Food Journal Mon 3/23

9:45 (220 calories)
1.5 scoop protein w/ water
1/4 cup oatmeal w/ sf strawberry preserves

2:00 (340 calories)
Boca burger on w.w., cheese, mustard
broccoli

4:00 (80 calories)
1 Blue Bunny light yogurt

7:00 (350 calories)
salad w/ chicken, 2% cheese, light diluted dressing, croutons

9:45 (125 calories)
1/2 cup Kashi cereal w/ light soy milk

Approx totals
Calories: 1115
Protein: 80g
Carbs: 80g

No workout today.

Rundown: Today was really good. Calories were low but not too low, carbs and protein amounts are right where they should be.

Sunday, March 22, 2009

Food Journal Sun 3/22

10:00 (~300 calories)
1 whole egg, 1 egg white
2 slices low sodium bacon
1/4 cup grits

2:00 (400 calories)
1/2 turkey sandwich on w.w.
salad w/ egg, turkey, 2% cheese, light diluted ranch dressing

6:00 (210 calories)
1 Apex bar

9:45 (300 calories)
salad w/ egg, turkey, 2% cheese, light diluted ranch dressing

Approximate totals
Calories: 1210 calories
Protein: 75g
Carbs: ~50g (not counting lettuce)

Workout:
morning: 40 min cardio on eliptical
afternoon: 90 min yoga class
evening: 30 min stairmaster, total body weights

Rundown: Today was a good eating day. My workout was really heavy, for a couple of reasons. One, I ate too much yesterday and I'm days from my trip. So, I was really motivated to put it a lot of work today. I'll take it, because not every day I feel like doing all of that.

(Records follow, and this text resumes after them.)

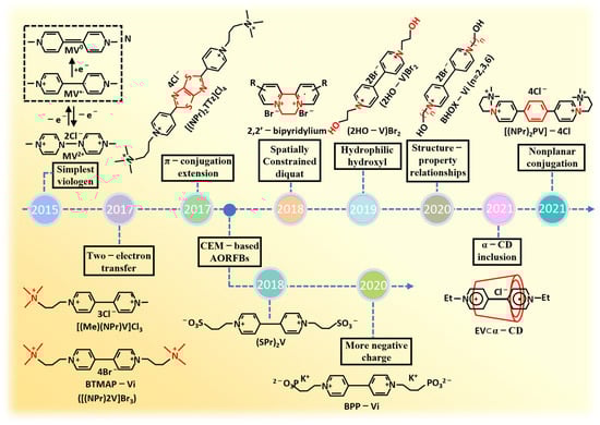 - DeBruler, C.; Hu, B.; Moss, J.; Liu, X.; Luo, J.; Sun, Y.; Liu, T.L. Designer Two-Electron Storage Viologen Anolyte Materials for Neutral Aqueous Organic Redox Flow Batteries. Chem 2017, 3, 961–978. [Google Scholar] [CrossRef]
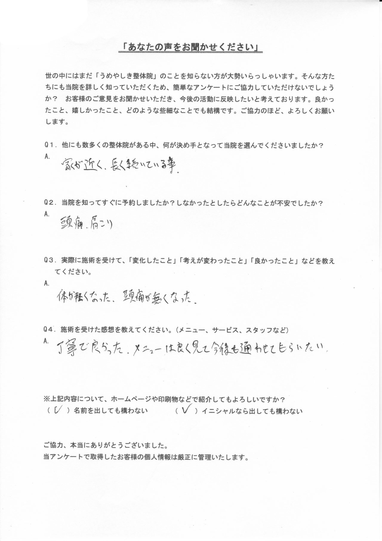 身体が軽くなり頭痛が無くなった YAさん|梅屋敷の整体・カイロプラクティックなら、うめやしき整体院
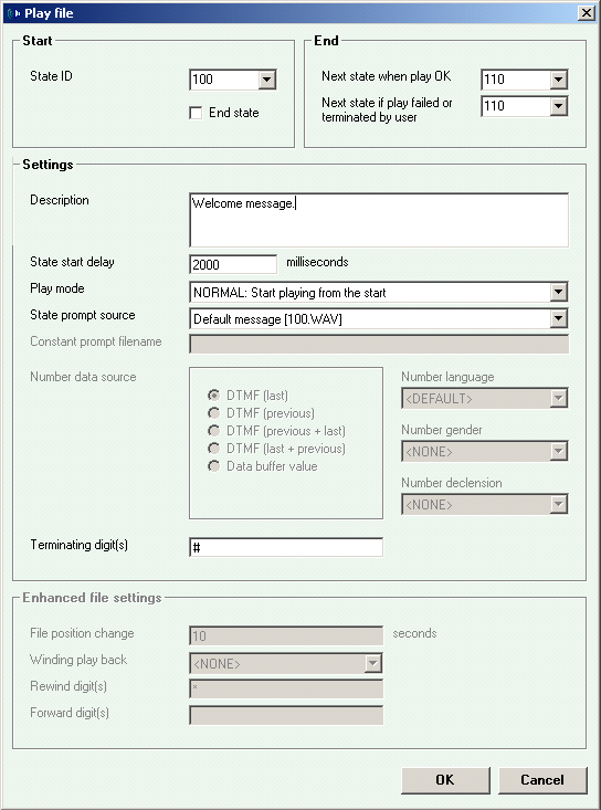 Set the state start delay with the desired time that you want the first message to play, which is useful to avoid the initial message starting too soon while the call is being connected. Usually two or three seconds is long enough (i.e., 2,000 or 3,000 milliseconds, the time unit shown on the screen). Set the Play mode to NORMAL: Start playing from the start (Figure 4). Record and store a welcome message in the path indicated in the application screen, and name it as indicated in the State prompt source field (e.g., 100.WAV). Click OK to add this first state.
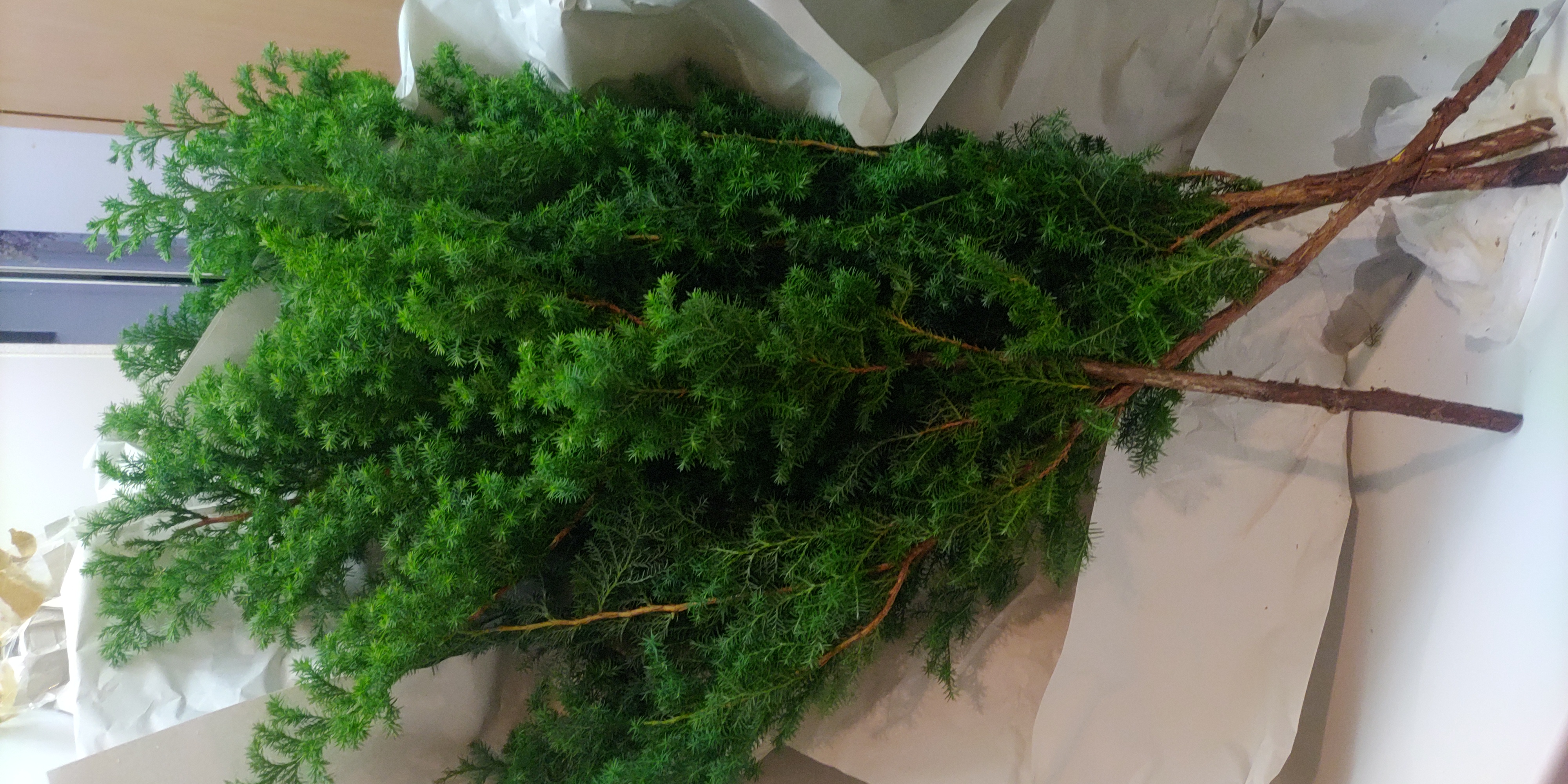 クリスマスリースやスワッグ、フレッシュなグリーンアレンジの土台として特に人気があり、時間とともに色味が落ち着く変化も魅力のひとつです。
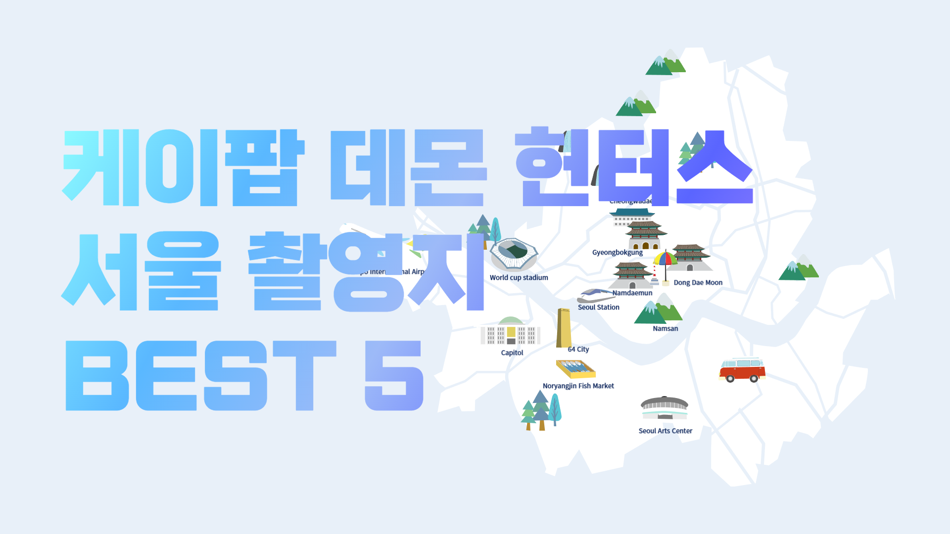 🎧 케이팝 데몬 헌터스 서울 촬영지 베스트 5 + 음악1. 🛸 올림픽주경기장 - 'How It's Done'강렬한 오프닝 무대가 펼쳐진 서울 송파구 올림픽주경기장! 실제 K팝 공연장으로도 유명해 현장감이 살아있습니다. 2. 📺 삼성역 전광판 - 'Golden'강남 삼성역 코엑스 앞 대형 전광판, ‘Golden’ 뮤직비디오 상영 장소로 유명한 곳입니다. 박기영 'Golden' 커버 곡 입니다. 3. 🍚 명동 길거리 + 국밥집 - 'Soda Pop'사자보이즈 버스킹 무대와 서울 명동의 따뜻한 길거리 음식 문화가 만나는 공간입니다. 4. 🌆 북촌 한옥마을 - 'Free'루미와 진우가 감정을 나눈 고즈넉한 북촌 한옥마을에서 ‘Free’ 명장면이 탄생했습니다. 5. 🗼 남산서울타워 - 'Your I..
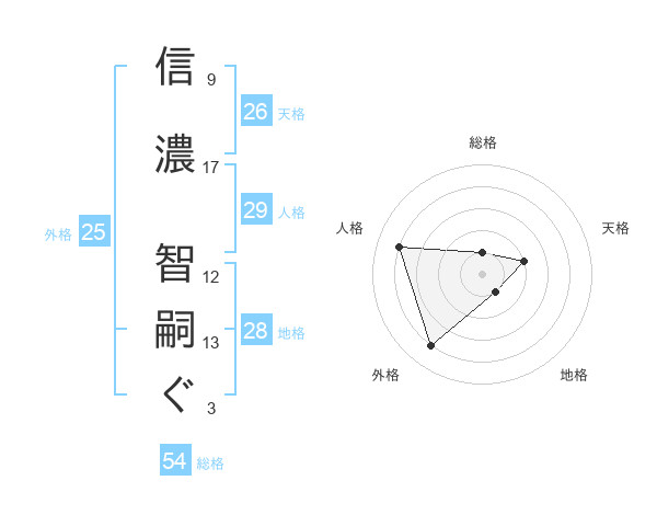 信濃 智嗣ぐさんの総格は54画の1点!
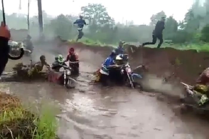 Hal tersebut terlihat pada pembalap-pembalap motor trail yang beraksi di dalam video yang diunggah oleh akun media sosial instagram @sukabalapmotor

Weight: Saturday weigh in: 135.5 lbs and 19.8% bodyfat. It looks like I hit a wall. I had some slip ups these last couple of weeks which explains why my weight and bodyfat has remained the same and not gone down (like I would have liked). Ah well. Overall, I'm pretty pleased with the total progress I've made. I started at 144 lbs and at 23% bodyfat. So, I've dropped 9 lbs and reduced my bodyfat by about 4% in 3 months. Not too shabby, if I may say so myself. Plus, what I'm really happy about is that my diet was not super strict. I allowed myself to have goodies here and there. The key was to stick with my workouts and have more good days than bad. And it worked. Now that I only have 4 days before I leave for my trip, I am still going to stick to a healthy diet and fit in cardio and probably one more day for weight training.

Thursday, March 19, 2009

Recipe: Fish Tacos

The other day I had a craving for some tacos. Normally, if I want some delicious tacos, I'll stop by El Rancho, one of my favorite local places to go for Mexican food. But, because I'm still trying to get ready for my cruise, I knew it was not an option. Instead, I made my own tacos with a twist. Fish Tacos.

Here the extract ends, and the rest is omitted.